About this task: Only the lines of the listing below that run from the line with "Indemnité carburant : l'aide" through the line with "Bydło polskie czerwone" are to be set down, word for word. Pictures stay out.

Provided entries:

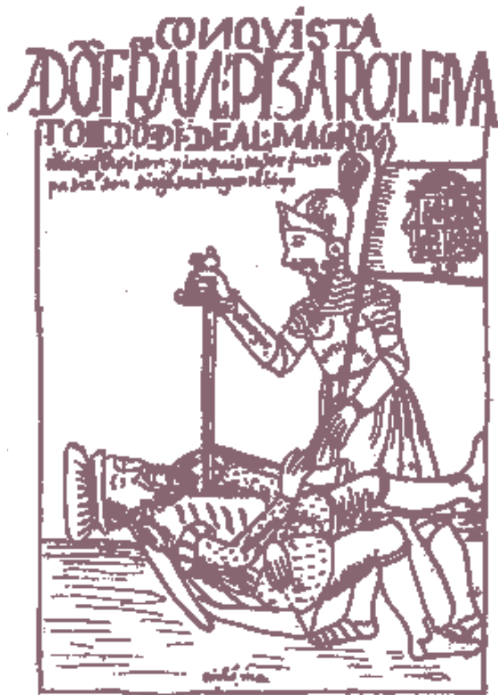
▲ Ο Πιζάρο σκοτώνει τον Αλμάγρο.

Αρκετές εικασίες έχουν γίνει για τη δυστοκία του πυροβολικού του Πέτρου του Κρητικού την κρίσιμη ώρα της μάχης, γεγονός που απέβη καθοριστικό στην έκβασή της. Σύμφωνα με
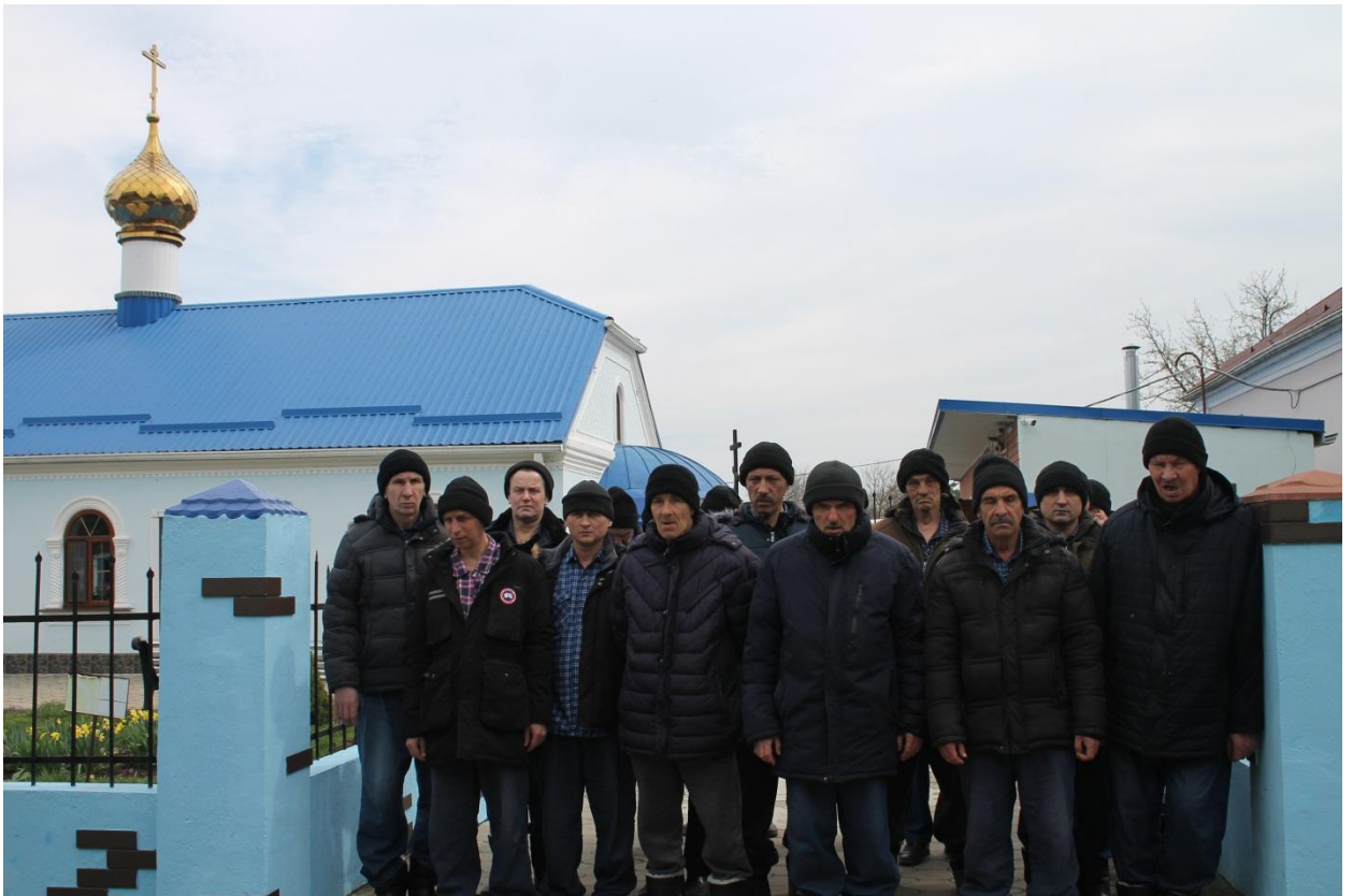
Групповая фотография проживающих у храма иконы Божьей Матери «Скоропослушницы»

...

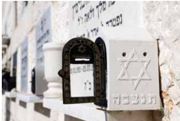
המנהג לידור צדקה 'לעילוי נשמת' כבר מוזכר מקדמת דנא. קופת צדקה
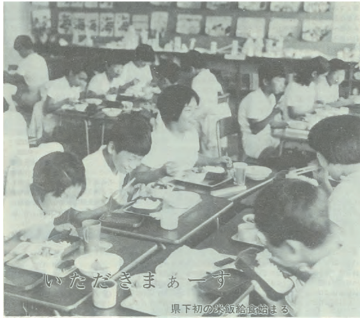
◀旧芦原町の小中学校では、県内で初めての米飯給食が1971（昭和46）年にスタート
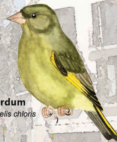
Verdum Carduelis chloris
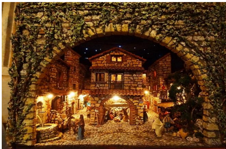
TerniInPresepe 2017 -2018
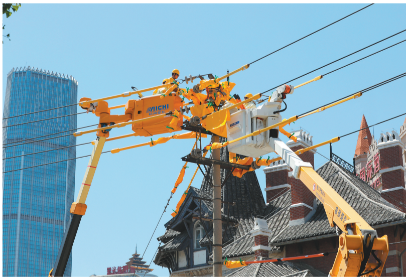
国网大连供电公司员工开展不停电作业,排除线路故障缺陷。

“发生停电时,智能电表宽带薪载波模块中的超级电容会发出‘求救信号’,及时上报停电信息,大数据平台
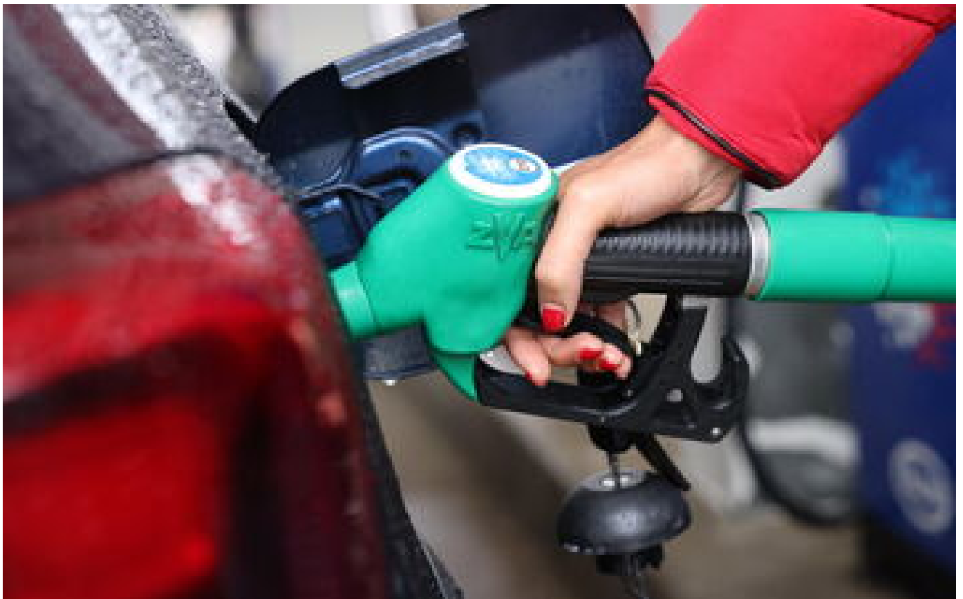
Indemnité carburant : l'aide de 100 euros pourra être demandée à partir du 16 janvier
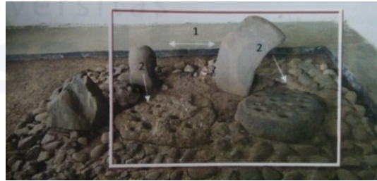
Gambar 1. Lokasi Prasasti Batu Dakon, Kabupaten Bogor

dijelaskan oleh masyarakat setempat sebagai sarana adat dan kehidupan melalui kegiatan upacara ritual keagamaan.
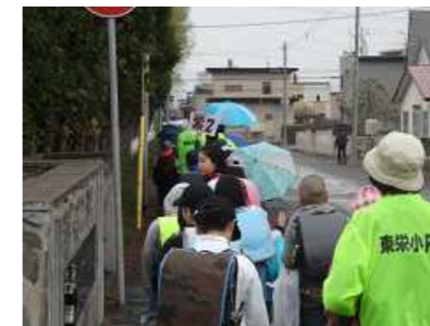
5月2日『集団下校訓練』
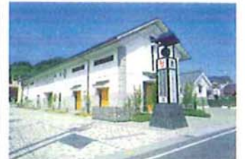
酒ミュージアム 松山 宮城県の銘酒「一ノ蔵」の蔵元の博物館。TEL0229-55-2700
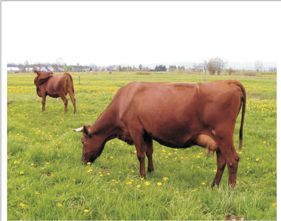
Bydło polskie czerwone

Written solution:
Indemnité carburant : l'aide de 100 euros pourra être demandée à partir du 16 janvier
Gambar 1. Lokasi Prasasti Batu Dakon, Kabupaten Bogor

dijelaskan oleh masyarakat setempat sebagai sarana adat dan kehidupan melalui kegiatan upacara ritual keagamaan.
5月2日『集団下校訓練』
酒ミュージアム 松山 宮城県の銘酒「一ノ蔵」の蔵元の博物館。TEL0229-55-2700
Bydło polskie czerwone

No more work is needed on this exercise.